__Aim of the task__:
Starting at the line containing "CIELCh 66.496,90.293,136.131 Color" and ending at the line containing "Très bel espace", transcribe the listing below exactly. Keep both end lines, skip the pictures, and copy nothing else.

▼

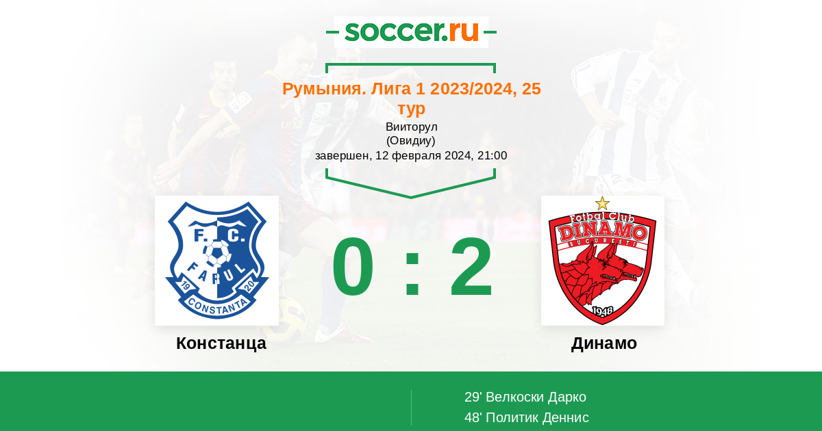 Протокол матча Фарул против Динамо
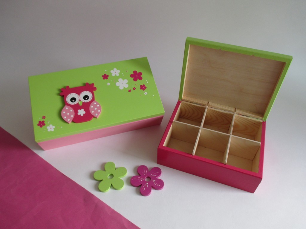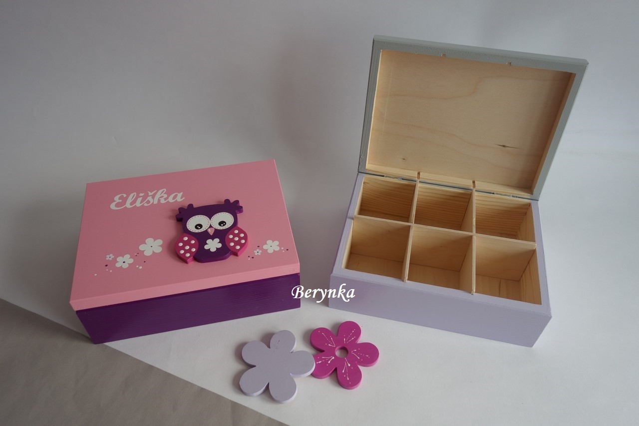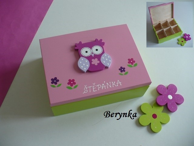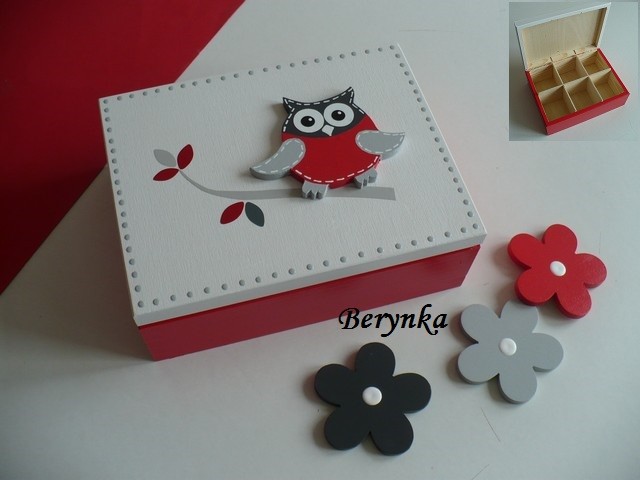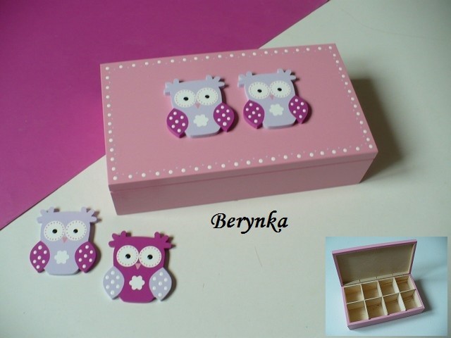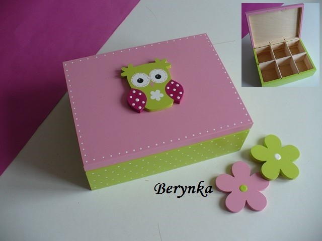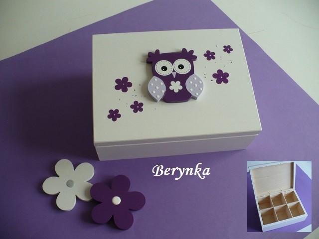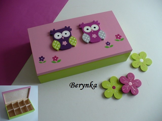 - sovička je vyřezaná z překližky a na krabičce nalepená
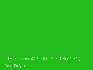 CIELCh 66.496,90.293,136.131 Color is a normal green color and the nearest color is Wageningen Green #34b233. Hex code #23bb19 and RGB value is rgb(35,187,25). In RGB color space, this color is composed of 14% red, 73% green, 10% blue, In CMYK color space, this color is composed of 81% cyan, 0% magenta, 87% yellow , 27% black , In HSL color space, this color has a hue angle of 116° , 76% saturation and 42% lightness.
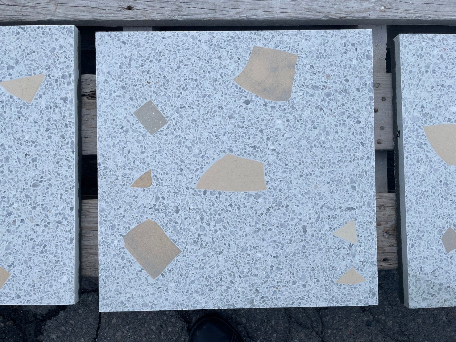 ・床材に陶芸家 釋永陽氏の工房で制作過程で出る廃棄材を練り込んだ特注のテラゾータイル。
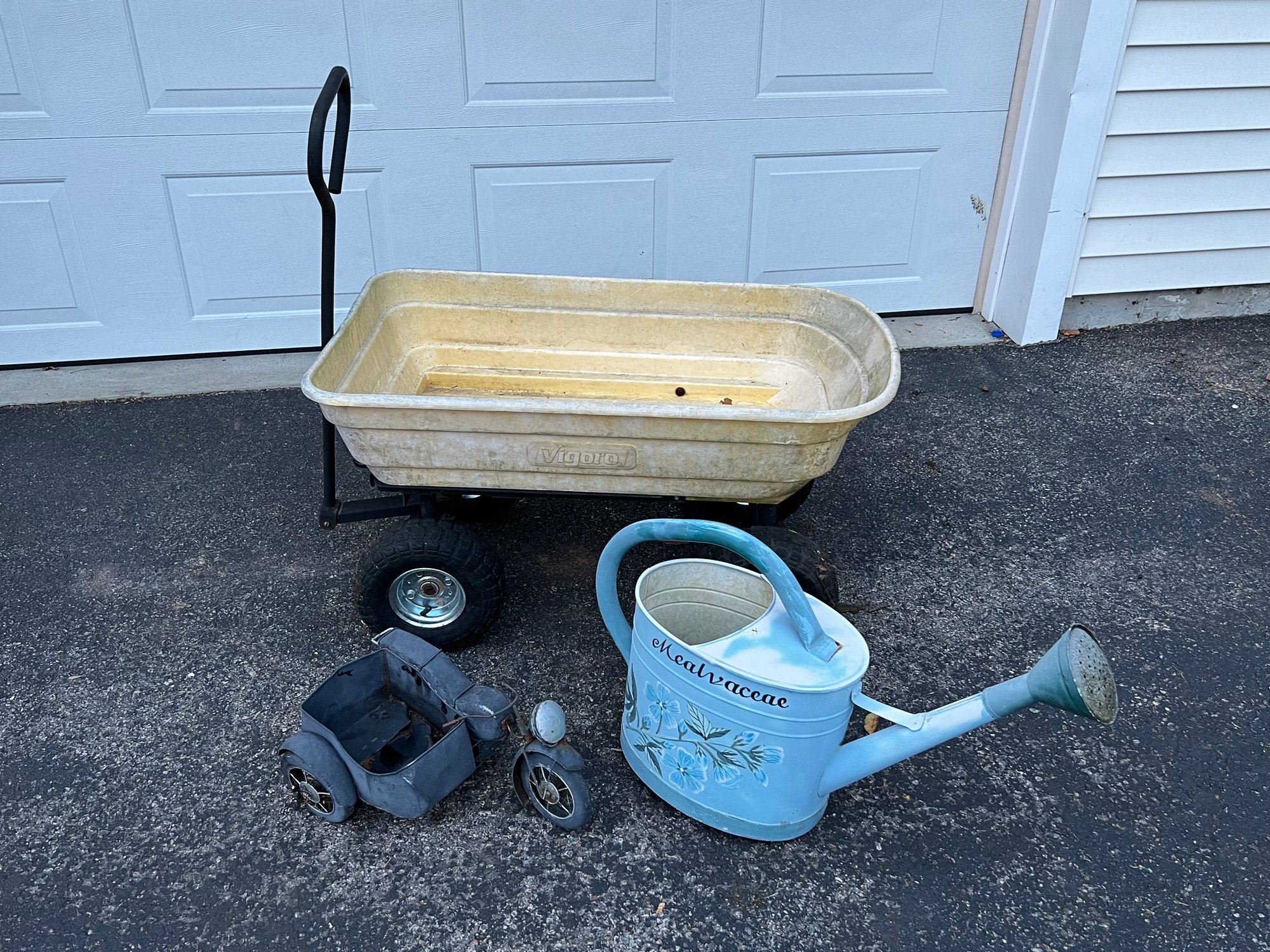 Wagon is faded, has flat tires and should have new tires installed. Others are rusted.
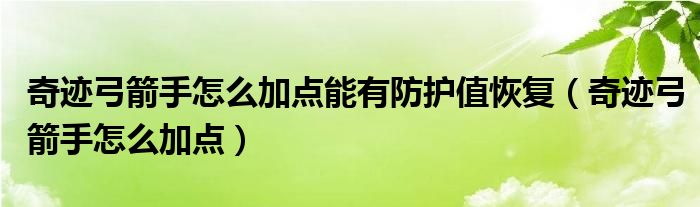 关于奇迹弓箭手怎么加点能有防护值恢复,奇迹弓箭手怎么加点这个很多人还不知道,今天菲菲来为大家解答以上的问题,现在让我们一起来看看吧!
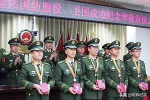 ——卫国戍边纪念章。此纪念章是为表彰戍守边关的人民解放军指战员和人民武装警察官兵而专门颁发的奖章,是中国人民解放军总政治部根据《中国人民解放军纪律条令》的有关规定设计制作的,于2011年8月1日起全军正式启用的纪念章。
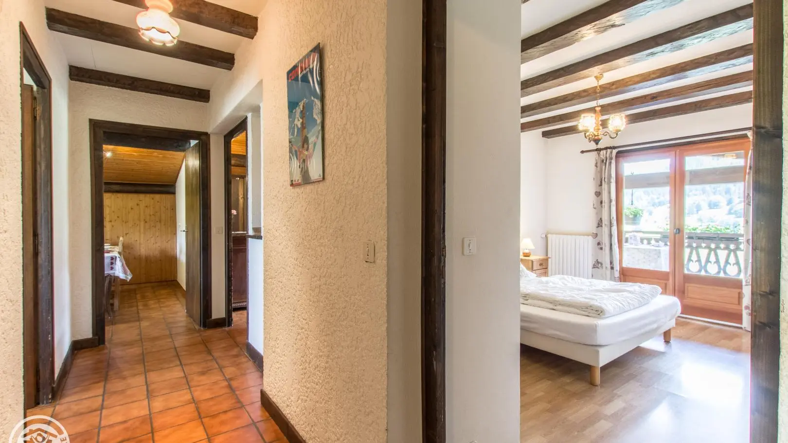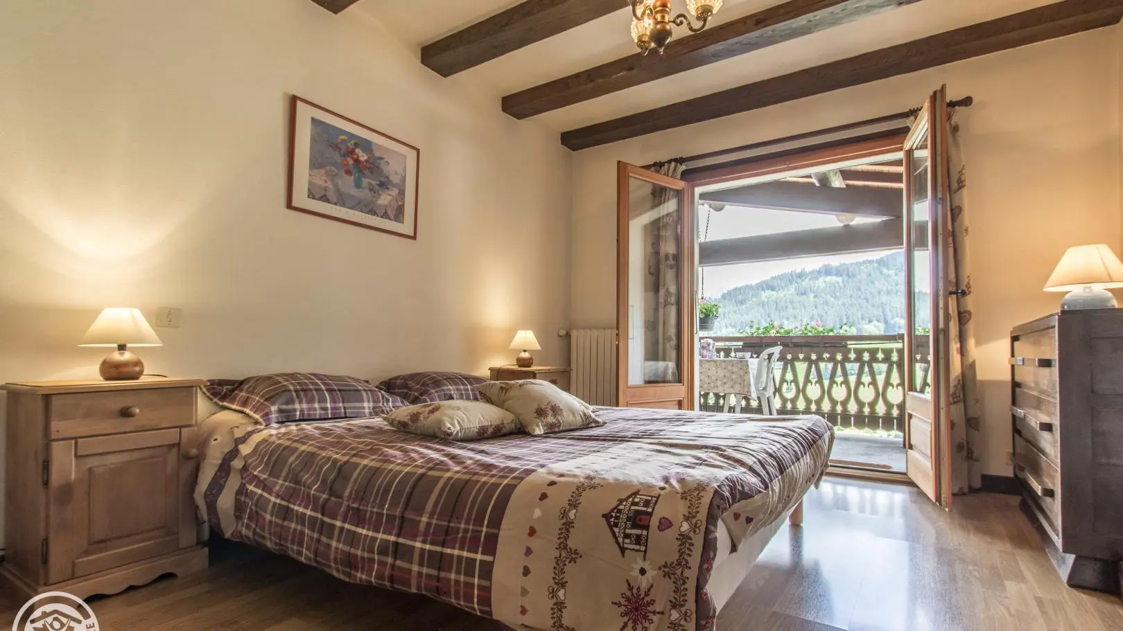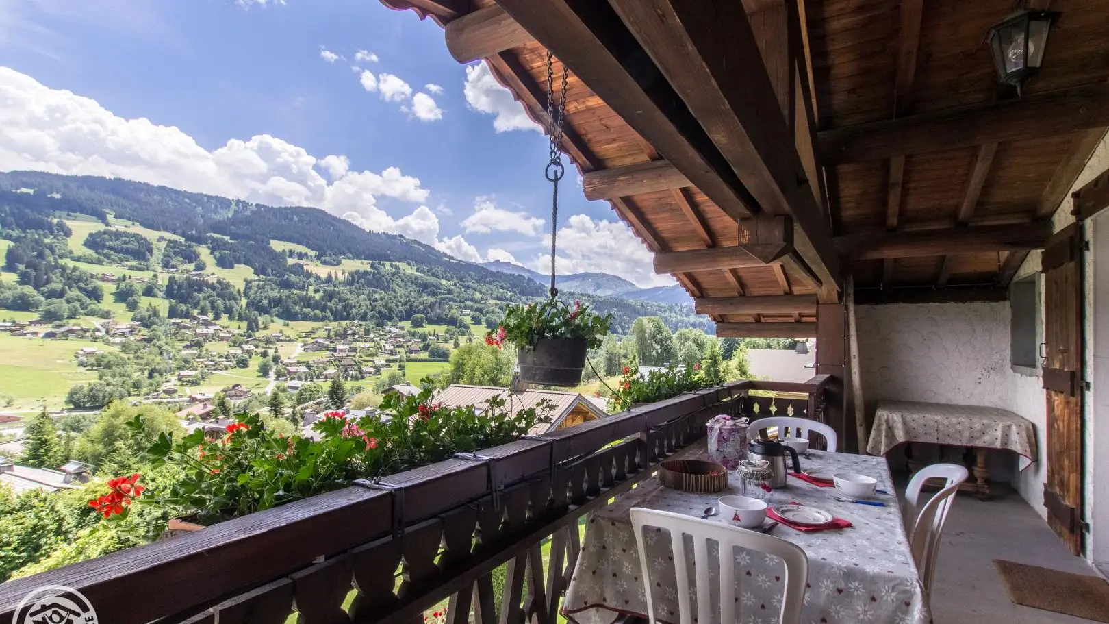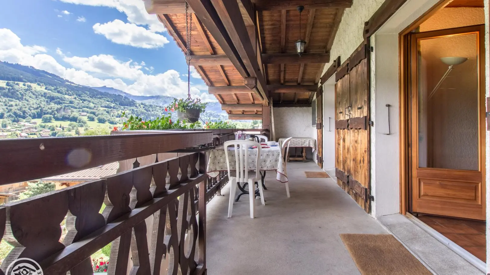 Très bel espace balcon/terrasse (table et chaises), accessible depuis la chambre et le séjour, et offrant une vue à 180° sur le Mont-Blanc et les montagnes environnantes. Internet wifi. Possibilité de louer les draps et le ligne de toilette. Local à skis.
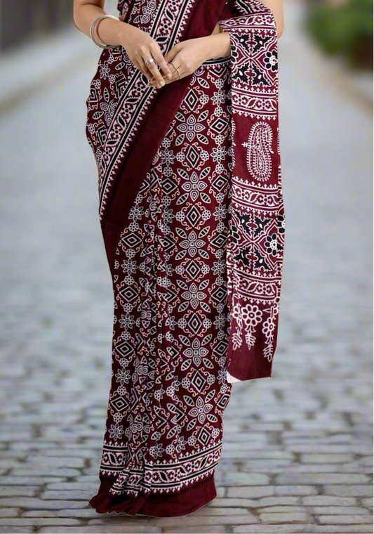 Pre-Order Bagru Block Print Cotton mulmul Sarees With Running Blouse

▲

__Result__:
 CIELCh 66.496,90.293,136.131 Color is a normal green color and the nearest color is Wageningen Green #34b233. Hex code #23bb19 and RGB value is rgb(35,187,25). In RGB color space, this color is composed of 14% red, 73% green, 10% blue, In CMYK color space, this color is composed of 81% cyan, 0% magenta, 87% yellow , 27% black , In HSL color space, this color has a hue angle of 116° , 76% saturation and 42% lightness.
 ・床材に陶芸家 釋永陽氏の工房で制作過程で出る廃棄材を練り込んだ特注のテラゾータイル。
 Wagon is faded, has flat tires and should have new tires installed. Others are rusted.
 关于奇迹弓箭手怎么加点能有防护值恢复,奇迹弓箭手怎么加点这个很多人还不知道,今天菲菲来为大家解答以上的问题,现在让我们一起来看看吧!
 ——卫国戍边纪念章。此纪念章是为表彰戍守边关的人民解放军指战员和人民武装警察官兵而专门颁发的奖章,是中国人民解放军总政治部根据《中国人民解放军纪律条令》的有关规定设计制作的,于2011年8月1日起全军正式启用的纪念章。
 Très bel espace balcon/terrasse (table et chaises), accessible depuis la chambre et le séjour, et offrant une vue à 180° sur le Mont-Blanc et les montagnes environnantes. Internet wifi. Possibilité de louer les draps et le ligne de toilette. Local à skis.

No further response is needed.